Officials voted last night to impose mandatory restrictions on wood-burning stoves in the Cache Valley, as another Utah region develops a smog problem.

"We're getting increased reports from a health standpoint of people who have underlying problems with asthma," says Dr. John Bailey with the Bear River Health Department.

It's a sign of the times in what used to be rural Utah. As people move to areas like Logan and the Cache Valley, so does the pollution. Could the smog problem in Logan be as bad as the problem in the Salt Lake Valley?

Not always. In fact some people up in Cache Valley don't perceive it as much of a problem. But some days, the air up there is downright unhealthy.

Some places still look like a Norman Rockwell painting, but the Cache Valley air is murky, obscuring those beautiful steep mountains they like to brag about.

"It's more polluted now than it used to be," says Sandy Nielsen, who lives in Hyrum.

"It's not as bad as Salt Lake, where I'm from, but it's still pretty bad up here," says Jen Woolsey, a Utah State University student.

In fact, the data shows it is sometimes worse in Cache Valley. Small particle pollution here violated federal health limits two years in a row.

"And we're worried about going into a third year, which will possibly trip up some mandatory E.P.A. requirements here," Bailey says.

So the Board of Health is imposing its own regulations. A mandatory red-green-yellow program forbidding visible smoke from chimneys on red days.

"It really hasn't bothered me, right. It doesn't. But I think it's a good idea that we do have restrictions on woodburning stoves and etcetera," says Kenna Smith, who commutes from Malad.

The reason it's happening is that farmland is becoming city. Cache Valley population has more than doubled in 30 years. It's now pushing 100,000.

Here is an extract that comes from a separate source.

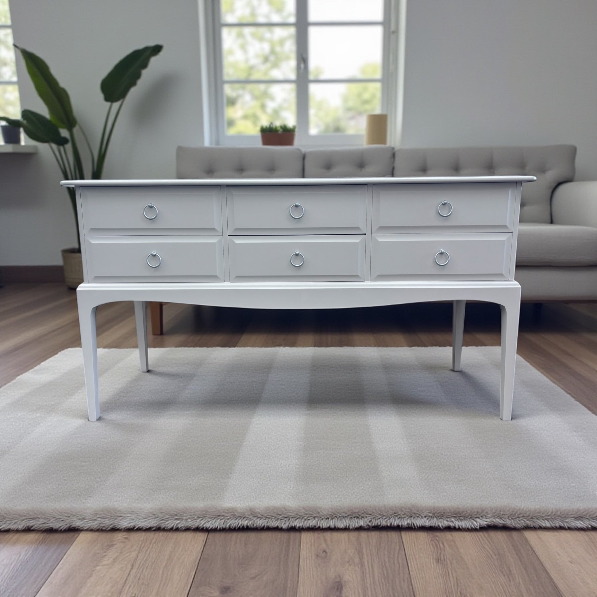 Vintage 1970s/1980s newly refinished Stag Minstrel 6 Drawer Dressing table/Sideboad available for refinishing in your choice of colour. Matching furniture also available.

"The population density is increasing, and couple that with the unique geography of the area, where we're really socked in on three sides, and when you get an inversion, it just doesn't clear out," Bailey says.

Officials admit, though, that chimneys are less than 10 percent of the problem. The real problem is cars.

Vehicle pollution programs remain voluntary. But it's a growing concern. Some are glad the first mandatory step has been taken, even if it's only aimed at chimneys.

"I think it's a good idea. I think it looks towards the future kind of, and so that we can see that if we take care of the problem now, it may not be so bad later," Nielsen says.

The new rules kicking in January 1 are similar to what we've had for several years here in Salt Lake.

Experience shows compliance jumps from 40 percent in a voluntary program, to more than 90 percent when it's mandatory.